Adugo
- Starting positions for the board game adugo
- Other names: Jogo da Onça
- Genres: Abstract strategy game Board game
- Players: 2

= Adugo =

Board game

Adugo, also known as Jogo da Onça (/pt-BR/, lit. 'Jaguar Game') is a two-player abstract strategy game from the Bororo tribe in the Pantanal region of Brazil.

It is a hunting game similar to those in Southeast Asia and the Indian subcontinent. It is especially similar to komikan, rimau, rimau-rimau, main tapal empat, and bagha-chall as they all use an alquerque-based board. Adugo is specifically a tiger hunt game (or tiger game). Komikan may be the same game as adugo. Komikan is the name given by the Mapuches in Chile.

In adugo, the jaguar ("adugo", in Bororo's language) is hunting the dogs ("arikau"). The game is also known as jaguar and dogs.

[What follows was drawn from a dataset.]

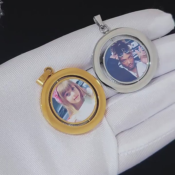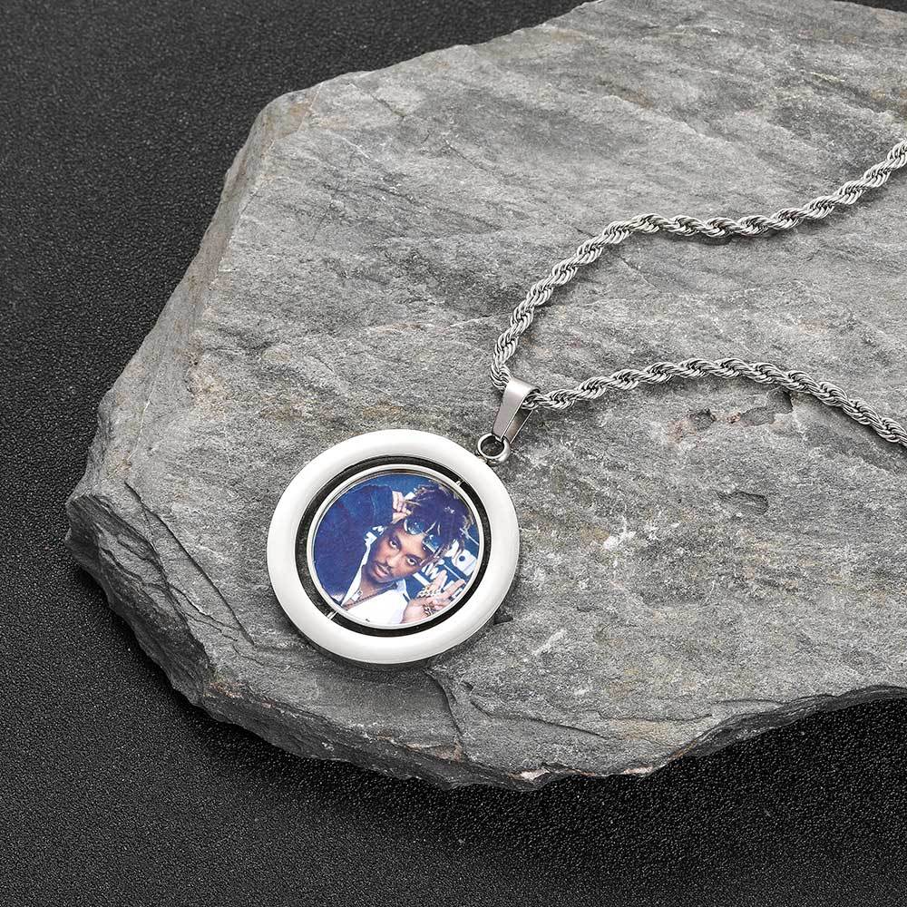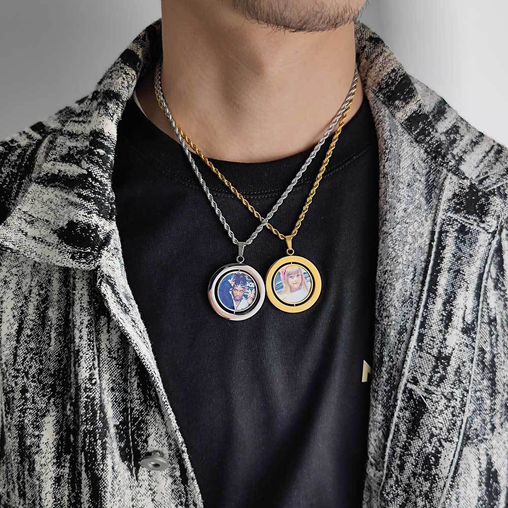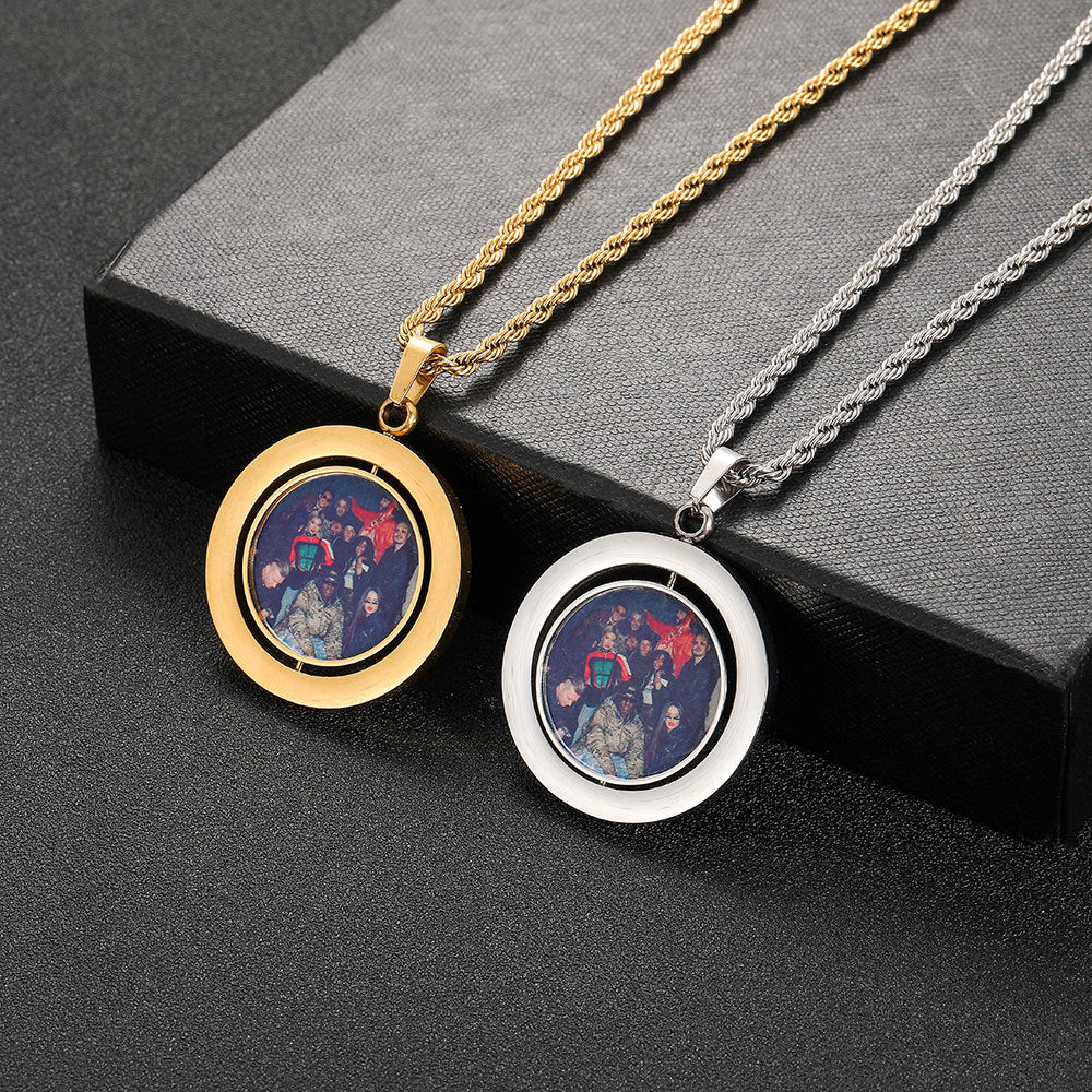 Wholesale Custom Photo Double-Sided Rotating Circular 304-Stainless Steel Hip Hop Pendant Necklace, Chain Length 24in, Waterproof

It is thought that the Spanish brought alquerque to the Americas, and this accounts for the use of the alquerque board in this game.

==Equipment==
The board used is an expanded alquerque board with one triangular patterned board on one of its sides. There is only one jaguar and 14 dogs. The jaguar is colored black, and the 14 dogs are colored white or brown. However, any two colors or distinguishable pieces are appropriate. The board was initially drawn on the ground with stones as pieces.

==Rules and game play==
In the beginning, the jaguar is on the central point of the alquerque board. All the dogs are on one half of the alquerque board that is opposite that of the triangular patterned board.

Players decide which animal to play with. The jaguar moves first. Players alternate their turns. Only one piece is used for movement or capture per turn.

The jaguar and dogs move one space at a time per turn following the pattern on the board.

The jaguar can capture by the short leap as in draughts or alquerque. The jaguar leaps over an adjacent dog and lands on the other side in a straight line, following the pattern on the board. The dogs can not capture, only corner the jaguar.

The game ends with the dogs as winners if the jaguar can no longer move while the jaguar wins by capturing 5 dogs.